As always, please add comments to this or any other of my posts. I'm a beginner so I need feedback on anything I've written that's wrong and also any extra information or helpful links or anything else you can think of that will help me learn is appreciated.

Tuesday, 21 January 2014

my $scalar;

In most of the books I'm using, the first thing after all the set up and hello world stuff is scalars. This seems to be sensible to me because they're quite simple for a beginner to understand and seemingly fundamental to the Perl language.

From what I understand, scalars make up any singular piece of data - it's when Perl has one of something and often this will be a number or a string but not an array or hash or other complex data type. You can identify a scalar variable because it's prefixed by a $ sign so if you see a variable named:

"$something"

you know that it contains a singular piece of data.

Unlike other programming languages (Java), Perl is not strongly typed and is intelligent enough to know that when you have typed a string in quotes, you want it to behave like a string and when you type a number, you want it to behave like a number.

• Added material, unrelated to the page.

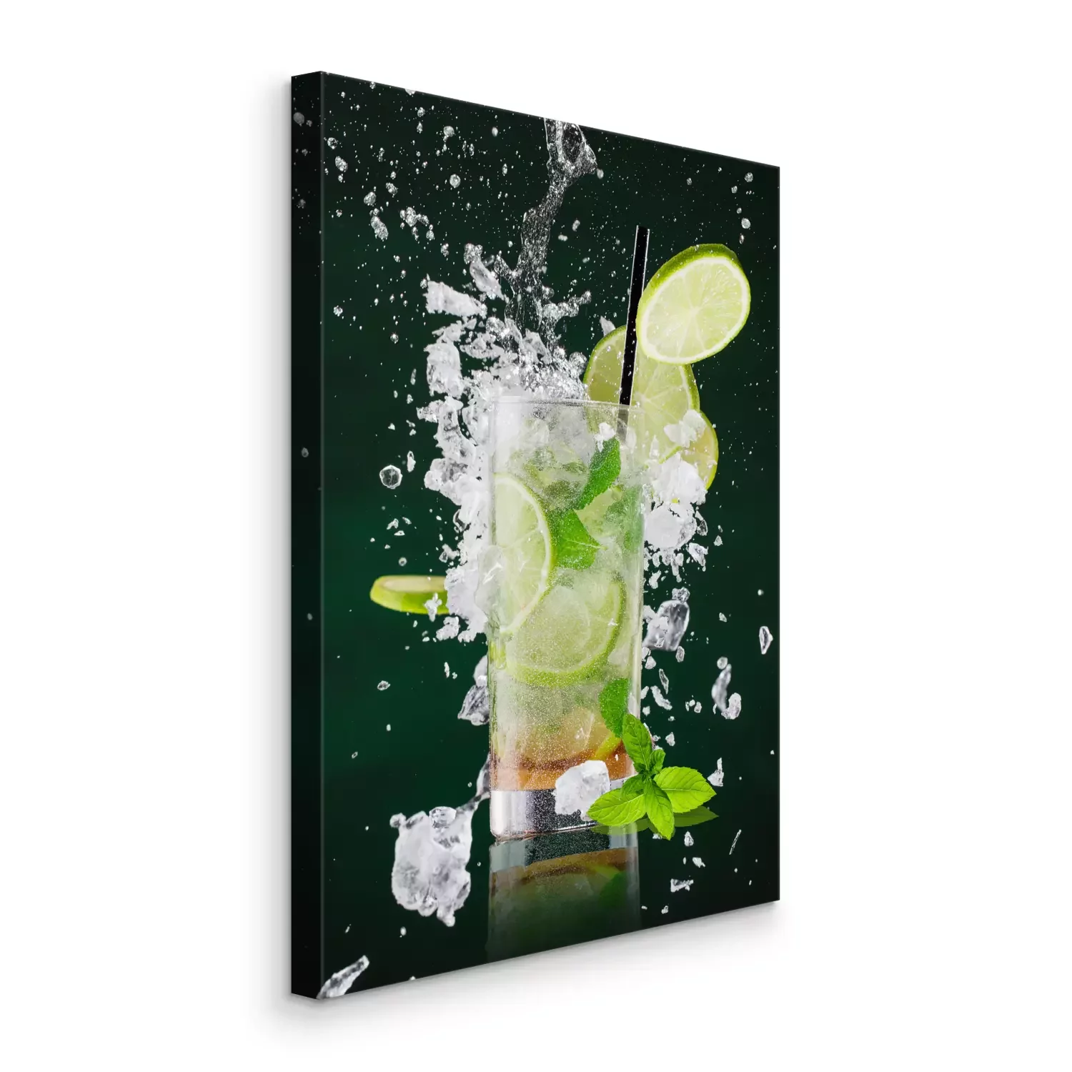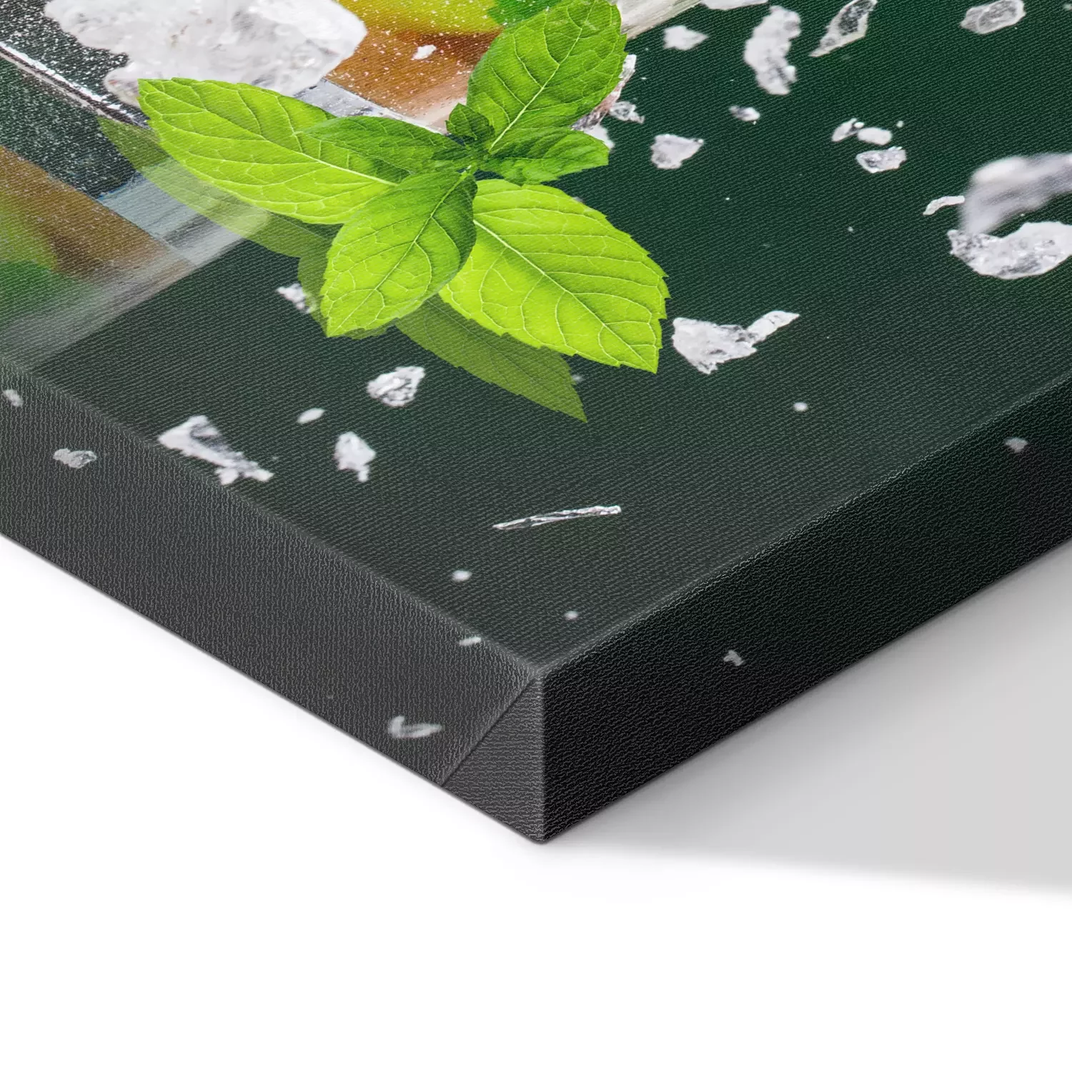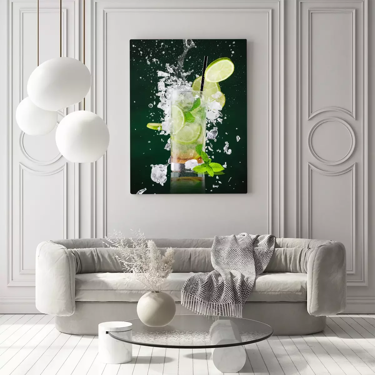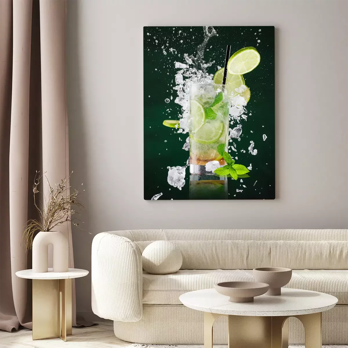 Tableau : Boisson mojito fraîche avec des éclaboussures de liquide et de la glace pilée dans le mouvement de gel

This means there is no faffing around telling the interpreter what kind of variable you want when it can work it out for itself. All you need to do is tell it what you want the variable to be called and what you want in that variable. Simple

There are ways of giving the variable a number but wanting it to behave like a string and vice versa but these have to explicitly be done. The default is to treat whatever it is as what it looks like - which sounds very sensible to me but I think there could be some potential problems with this so I guess it needs to be kept in mind.

Declaring and assigning a scalar

There are two ways to declare and assign a scalar variable; you can either do it all in one go:

my $name = "Emma";

or declare and assign separately:

my $name; #This is declaring the scalar
$name = "Emma;" #This is assigning it

This has basically said that there is a scalar variable called "name" and the value of this scalar is the string "Emma". The quotes just denote the beginning and the end of the string and won't actually be printed out. If you want to assign a number to a variable, you don't need to put the quotes but more on that later.

If we leave 'my' out and we have use strict turned on (which you should have!!), the program will fall to bits when you try to run it and complain at you with something that looks like this:

Global symbol "$name" requires explicit package name at declaration.pl line 5.
Execution of declaration.pl aborted due to compilation errors.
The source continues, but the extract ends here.